### DATA TO EXAMINE
==================================================
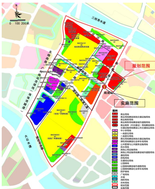
调整后规划示意图
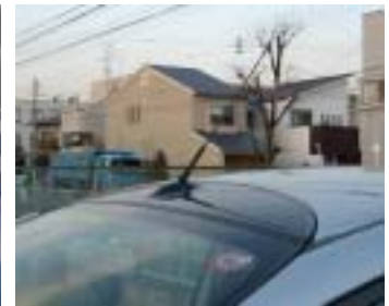
アイにも装着可能です。
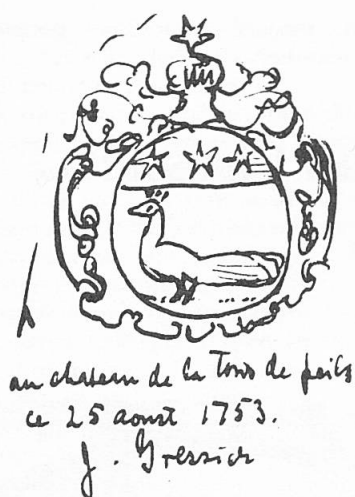
Fig. 4. Cachet de 1753 relevé par D. L. Galbreath.

cachet de 1753: d'argent au paon passant, au chef d'azur chargé de trois étoiles. Et pour cimier, une fleur de lys. Mais la figure qui accompagne cette notice montre un paon rouant. Le cachet mentionné est resté introuvable 8 , mais nous en possédons un croquis de la main de l'auteur (fig. 4) 2 , qui montre bien le paon passant; le cimier en est une étoile et non une fleur de lys.
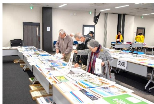
カレンダーバザーの様子
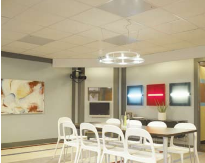
Потолочные кассеты обогревают помещение оставаясь практически незаметны. При необходимости их расположение легко изменяется.
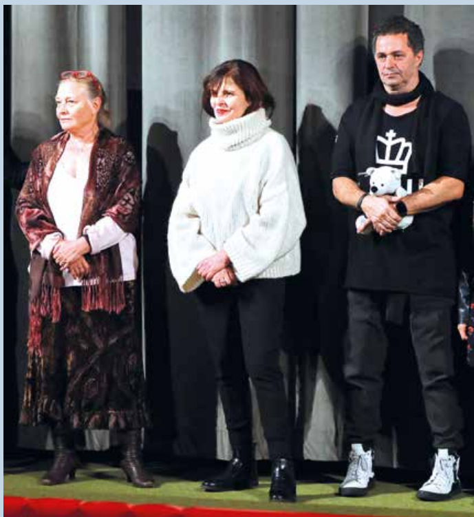
Milí hosté romantické komedie Ženská na vrcholu – herci Jana Preissová, Jana Krausová a Martin Dejdar
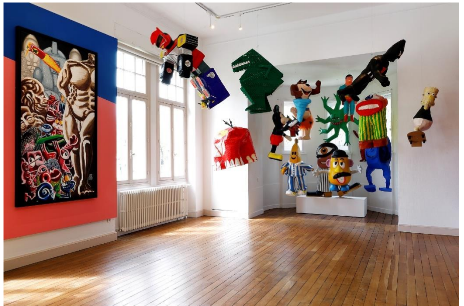
Mur gauche : HERVÉ DI ROSA, Sculptures antiques , 2017, acrylique sur toile, 216 x 114 cm.

Il est également l'auteur ou le sujet de plus de 150 livres d'art et publications entre 1978 et 2022. Depuis 1981, son œuvre qui a fait l'objet de plus de 200 expositions personnelles est présente dans d'importantes collections publiques et privées en Europe, en Amérique et en Asie.
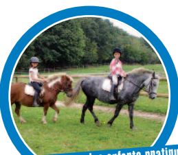
Lors du séjours, les enfants pratiquent plusieurs séances d'équitation.

Initiation à l'équitation. A cheval ou à poney, les enfants apprennent à équiper leur monture, la brider et la sceller. Lors des premières séances, ils apprennent l'équilibre puis travaillent différentes figures en manège ou carrière. Pour les plus jeunes, une balade en calèche à travers les champs est propice à la découverte de la campagne. ■
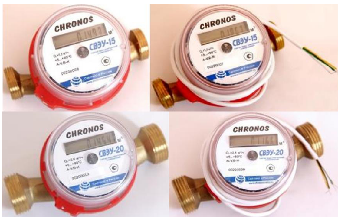
Р и с у н о к 2 – Общий вид счетчиков типоразмера 2
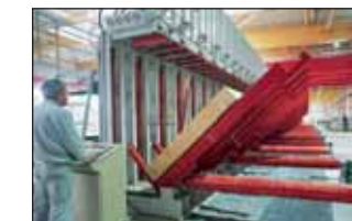
Surveillance constante de la qualité et une technologie moderne de production
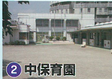
2 中保育園 ☎324-8313
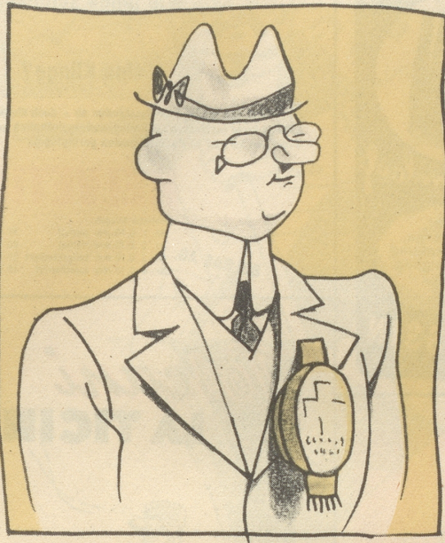
Es Stuck prima Toiletteseupfe
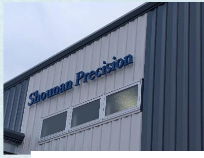
マシンセンター・ハイテクセンター
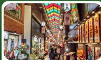
ตลาดปลาชิชิ
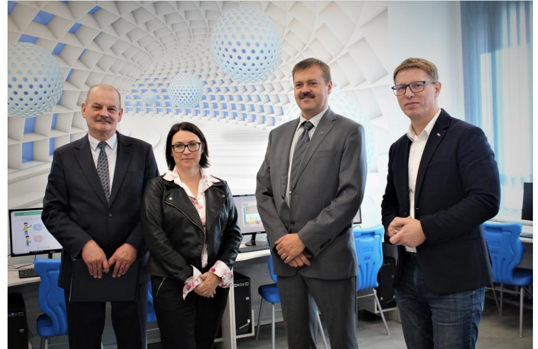
Otwarcie nowoczesnej pracowni komputerowej w SPS 10
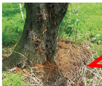
クビアカツヤカミキリのフラス
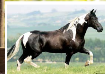
RAÇA DE FANTOCHE DO NILO

Pensa numa égua marchadeira. Pela linha alta vai no Abraço KM, reprodutor pampa, raça de Fantoche do Nilo e Jaqueta do Nilo. Pela linha baixa, vai a PGP Cuba, raça de Herdade Fidalgo, Hippiie da Esperança e Expresso de Santa Lucia. Linda, expressiva e de muito boas angulações, andamento marchado com muita dissociação, posteriores fortes e muita estabilidade corpórea. Prenhes positiva por Duque KM, reprodutor pampa de preto filho de Rayban da Santa Esmeralda com Quina da Santa Esmeralda.
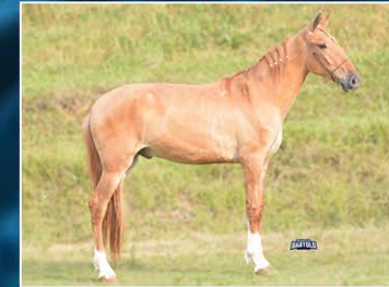
LET'S GO DO OH
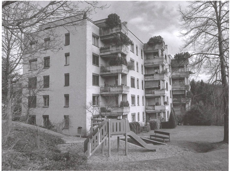
Am Balsberg 22-28
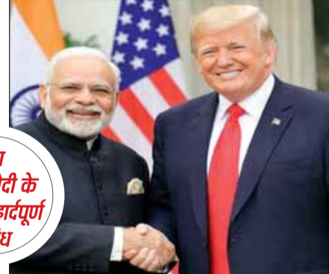
पीएम मोदी व राष्ट्रपति ट्रंप फाइल फोटो

भारत और अमेरिका के बीच नए व्यापारिक युग की शुरुआत हो चुकी है। सोमवार (02 फरवरी) को राष्ट्रपति डोनाल्ड ट्रंप ने भारत पर लगाया पारस्परिक टैरिफ 18 फीसदी कर दिया। इसी के साथ लंबे समय से अटके व्यापार समझौते पर भी ट्रंप ने सहमति जताई है। ऐसे में अब व्हाइट हाउस की प्रेस सचिव कैरोलिन लेविट ने भारत-अमेरिका के व्यापार समझौते पर जानकारी साझा की है। उन्होंने दावा किया कि पीएम मोदी ने अमेरिकी अर्थव्यवस्था में बड़े निवेश का वादा किया है। प्रेस सचिव कैरोलिन लेविट ने बुधवार को अमेरिका-भारत समझौते, अमेरिकी राष्ट्रपति डोनाल्ड ट्रंप और पीएम नरेंद्र मोदी के बीच सौहार्दपूर्ण संबंधों का जिक्र किया। लेविट ने दावा किया कि पीएम मोदी रूसी तेल की खरीद बंद करने और इसके बजाय अमेरिका और संभवतः वेनेजुएला से तेल खरीदने पर सहमत हो गए।
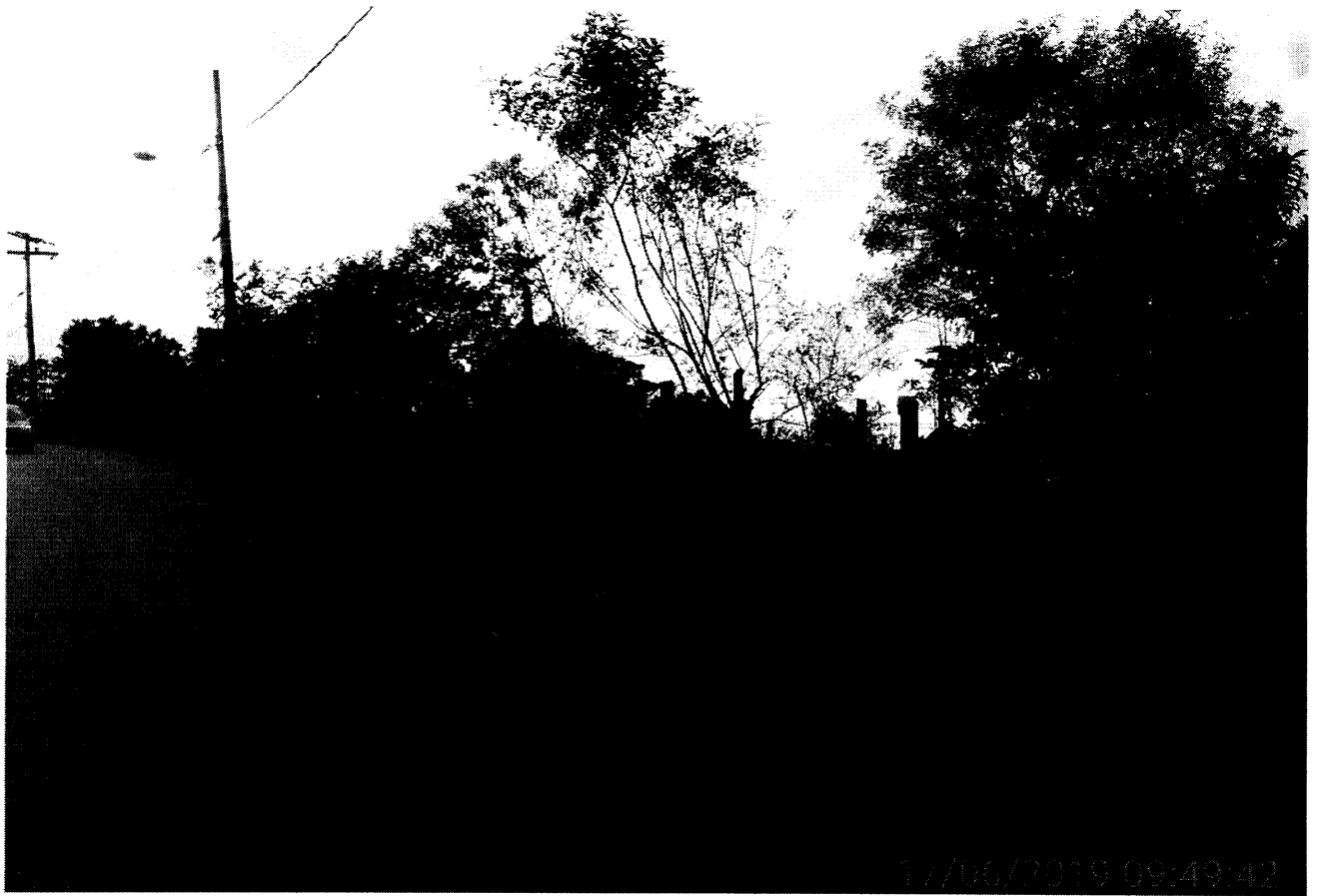
Frente do terreno
==================================================
### TASK ITEM
No picture is to be printed. Output exactly the lines above from the line containing "クビアカツヤカミキリのフラス" through the line containing "Am Balsberg 22-28".

### EXERCISE RESULT
クビアカツヤカミキリのフラス
RAÇA DE FANTOCHE DO NILO

Pensa numa égua marchadeira. Pela linha alta vai no Abraço KM, reprodutor pampa, raça de Fantoche do Nilo e Jaqueta do Nilo. Pela linha baixa, vai a PGP Cuba, raça de Herdade Fidalgo, Hippiie da Esperança e Expresso de Santa Lucia. Linda, expressiva e de muito boas angulações, andamento marchado com muita dissociação, posteriores fortes e muita estabilidade corpórea. Prenhes positiva por Duque KM, reprodutor pampa de preto filho de Rayban da Santa Esmeralda com Quina da Santa Esmeralda.
LET'S GO DO OH
Am Balsberg 22-28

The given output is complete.